そのときどきで面白い書き方を考えた結果ですね。でも、基本的には僕の小説のパターンの一つで、時間を前後させたりするのが好きなんですよ。
――たしかに。映画のカットバックのような感覚ですか?
時間が飛ぶと、想像で間を埋めるじゃないですか。それが楽しい。書かれていない「間」を想像力で補完していく作業が読書っぽいと思うんです。
ほかの短編とつながった「飛べても8分」
――最終章の「飛べても8分」は書き下ろしです。
先にタイトルだけ決めていたんですよ。「小さな兵隊」を書きながら、次の話も考えなきゃいけなくて。「小さな兵隊」はゴダールの映画からの引用ですけど、僕の小説のタイトルには引用がけっこうあるんですよ。でも、今回はオリジナルでいいタイトルを考えたい。オリジナルはオリジナルでも「××の○○」というパターンはやめよう。『終末のフール』とか『SOSの猿』とかも書いていますけど、もともと日本語のパターンなのか、小説のタイトルは「××の○○」が多いんですよ。座りがいいんですね。でも、今回は違うパターンにしたい。

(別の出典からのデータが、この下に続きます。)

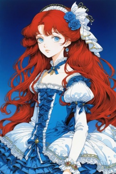 portrait, Long red hair, blue eyes, white skin, cute 12 year old skinny princess in a blue Rococo dress, artwork by Masamune Shirow.crazy colors
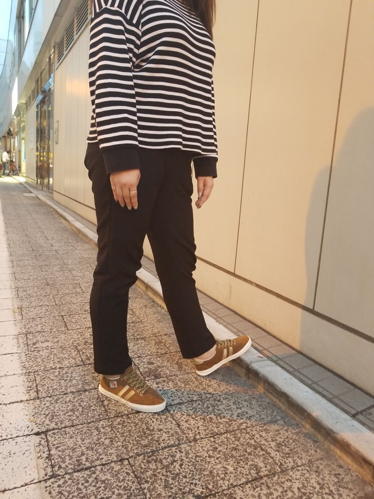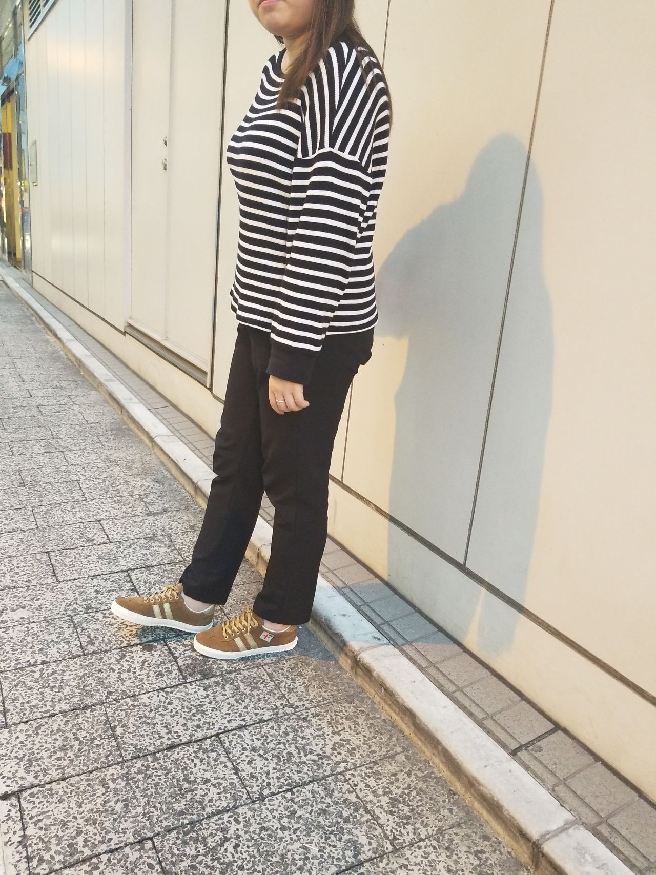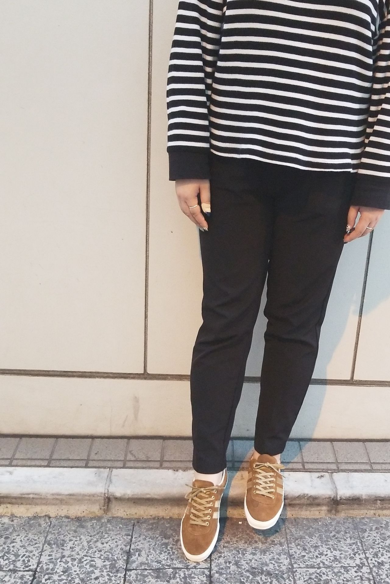 例えば今回のスタッフのように、スキニーパンツやクロップド丈など飛行機が隠れない様なボトムスを合わせてお履きいただくのがオススメですよ!

「飛べても8分」を思いついたのは、歩いていたときです。踏切待ちとかそういうときに「とんでもハップン」という言葉が頭に浮かんで、漢字にするといいな。でも、そのままじゃなくて「飛べても」にしたほうがもっと深く意味を考えられる。それに、ウィキペディアで「とんでもハップン」が英語のネバーハプンをもじったものだと知って、さらに面白いな、と。しかも、「飛べても」って悲観的ですよね。飛べたって八分もかかる。でも ……という気持ちを込めたいなと思ったんです。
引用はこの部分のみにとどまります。